NEW YORK (GenomeWeb) – Long sequence reads are increasingly moving into the clinical space as sequencing costs continue to drop and the technology improves.
At the Advances in Genome Biology and Technology meeting held earlier this month in Orlando, Florida, a number of researchers described projects using long-read sequencing technology from Pacific Biosciences and Oxford Nanopore in clinical applications ranging from outbreak tracking, developing niche diagnostic assays, understanding infectious disease evolution, and identifying complex gene fusions and rearrangements in cancer patients.
Mt Sinai's diagnostic assays
Researchers at the Icahn School of Medicine at Mt.
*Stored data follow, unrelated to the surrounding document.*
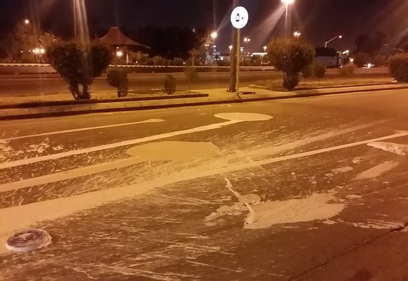 تسبب عدم تأمين شاحنة تتبع لأحد شركات الدهانات لحموله تقلها عباره عن جوالين دهانات الى تساقطها أثناء سير الشاحنه بشارع صلاح الدين بحي مشرف مما تسبب في عرقلة السير وباشر مرور المنطقة الحادثة بتأمين السير لتلافي الضرر الذي قد يقع على المركبات الماره وتولت الشركة مسؤولية تنظيف الاسفلت الذي تغطى بالدهانات
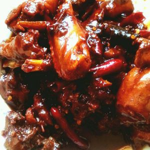 锅留底油放入姜蒜爆香,放入干辣椒花椒炒香,加入炸好的鸡丁,
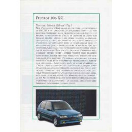 Contenu / contenu : Peugeot 106 XN 954 cm3 45 ch / XN/XR 1124 cm3 60 ch / XR/XT 1360 cm3 75 ch / XSI 1360 cm3 95 ch / XND/XRD/XTD 1360 cm3 50 ch, caractéristiques, équipements,

Sinai have been at the forefront of moving NGS into the clinic and are among the earliest adopters of PacBio's single-molecule sequencing technology. During a PacBio-sponsored workshop at AGBT, Robert Sebra, director of technology at Mt. Sinai, discussed a number of diagnostics the group is developing on PacBio instruments.
Mt. Sinai's NGS suite includes three PacBio RSII systems, two of PacBio's recently launched Sequel instrument, seven Illumina HiSeqs — including both the 4000 and 2500 — two Illumina MiSeqs, 10 Thermo Fisher Ion Protons, five Ion S5 XL machines, two Ion PGMs, and one CE sequencer. It also has a number of sample prep instruments and other technologies designed to process samples upstream of NGS, including 11 Ion Chefs, one of 10X Genomics' platforms for generating linked reads, one Fluidigm C1 system for single-cell processing, and two of Berkeley Lights' beta instruments for single-cell selection.
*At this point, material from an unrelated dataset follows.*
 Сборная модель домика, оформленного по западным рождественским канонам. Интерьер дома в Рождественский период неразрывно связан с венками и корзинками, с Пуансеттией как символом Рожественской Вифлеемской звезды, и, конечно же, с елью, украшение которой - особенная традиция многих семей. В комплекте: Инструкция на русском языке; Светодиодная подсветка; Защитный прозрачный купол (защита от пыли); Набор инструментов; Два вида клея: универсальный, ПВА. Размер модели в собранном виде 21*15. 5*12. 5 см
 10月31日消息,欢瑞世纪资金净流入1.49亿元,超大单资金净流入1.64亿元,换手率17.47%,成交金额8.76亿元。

Sebra said that the long reads of the PacBio instruments have been particularly useful for identifying pseudogenes, repeat expansions, and polymorphic loci.
"Every individual has about 1,000 structural variants that are more than 2,500 base pairs in length," Sebra said, which are difficult to analyze with short-read sequencing.
Sebra said Mt. Sinai researchers last year created a de novo assembly of a human genome using technologies from Illumina, PacBio, and BioNano Genomics and are now designing a number of diagnostic tests on the PacBio system.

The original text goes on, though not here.